NEUBER VERSUS STRAIN ENERGY CONSERVATION PRINCIPLE
Luciano Brambilla(*)
Consultant at FACC, St. Martin im Innkreis, Austria (*)
Email: [email protected]
ABSTRACT
The Science of Construction had a remarkable improvement with the mathematical theory of
elasticity. A safety criterion was defined, in order to guarantee the integrity of the structure
under the operating load: “Stress at each point of the structure to be <= of yield stress(residual
strain 0.002) “. This type of analysis can be carried out simply assuming the linear correlation
between stress and strain (Hooke´s law).
The next step was to calculate the structure collapse mechanism and load (=max load
supported by structure up to catastrophic collapse). Analysis becomes more complex since it
requires the knowledge of the plastic flow segment of the material stress-strain curves up to
the strain failure. Collapse analysis must comply with the following requirements: applied and
reaction load equilibrium in each point/subcomponent of the structure, compatibility of
element deformations, and in addition plastic strain energy balance.

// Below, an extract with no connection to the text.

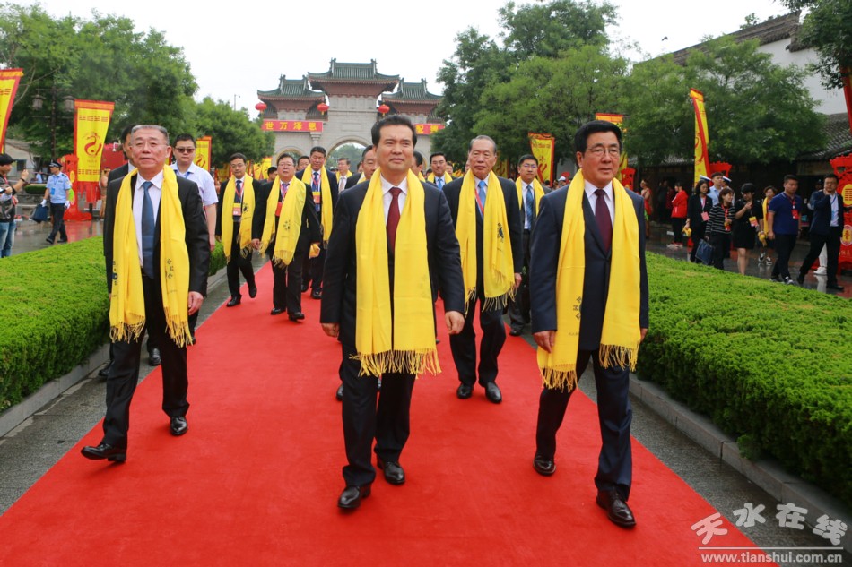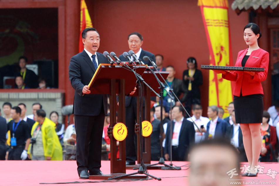 当天上午的伏羲广场上,旗幡招展、古乐悠悠;伏羲庙内,苍松挺拔、翠柏含情。9时30分许,全国政协副主席王正伟,中国国民党前副主席陈镇湘,省委书记、省人大常委会主任林铎,省委副书记、省长唐仁健,省政协主席欧阳坚、中国侨联副主席齐全胜等来到伏羲广场,与海内外中华儿女、四海宾朋共同出席公祭大典。

A tragic event occurred at Versailles on May 8, 1842. Two locomotives and seventeen cars
were involved due to the rupture of an axle of the first locomotive. Almost one hundred
people died. The enquiry draws the conclusion that failure was due to “fatigue”, for the first
time. Fatigue failure due to load cycling, became a major issue for safety and for structure
life estimation
Keywords: energy, fatigue, Neuber, plasticity, static.
INTRODUCTION
Plasticity has a robust influence on life and crack onset. Neuber hyperbola [1], is currently
used as a “qualitative” approach for fatigue and ultimate load static analysis. When the
calculated stress via Hooke´s law, is violating the material stress-strain curve, a local
relaxation occurs relocating the unrealistic linear elastic stress-strain on the material plastic
flow range.
The methodology presented on this paper, assumes that “local relaxation” is driven by the
Energy Conservation Principle: plastic energy = linear elastic energy. The rationale behind
this approach is that, for peaky stress gradient due to notches, the relaxation remains confined
on the notches itself, without modifying the overall structure equilibrium.
The validation of the Energy Conservation approach, is done by comparing the analytical
results with FEM non linear analysis, Neuber hyperbola and strain gage from test data.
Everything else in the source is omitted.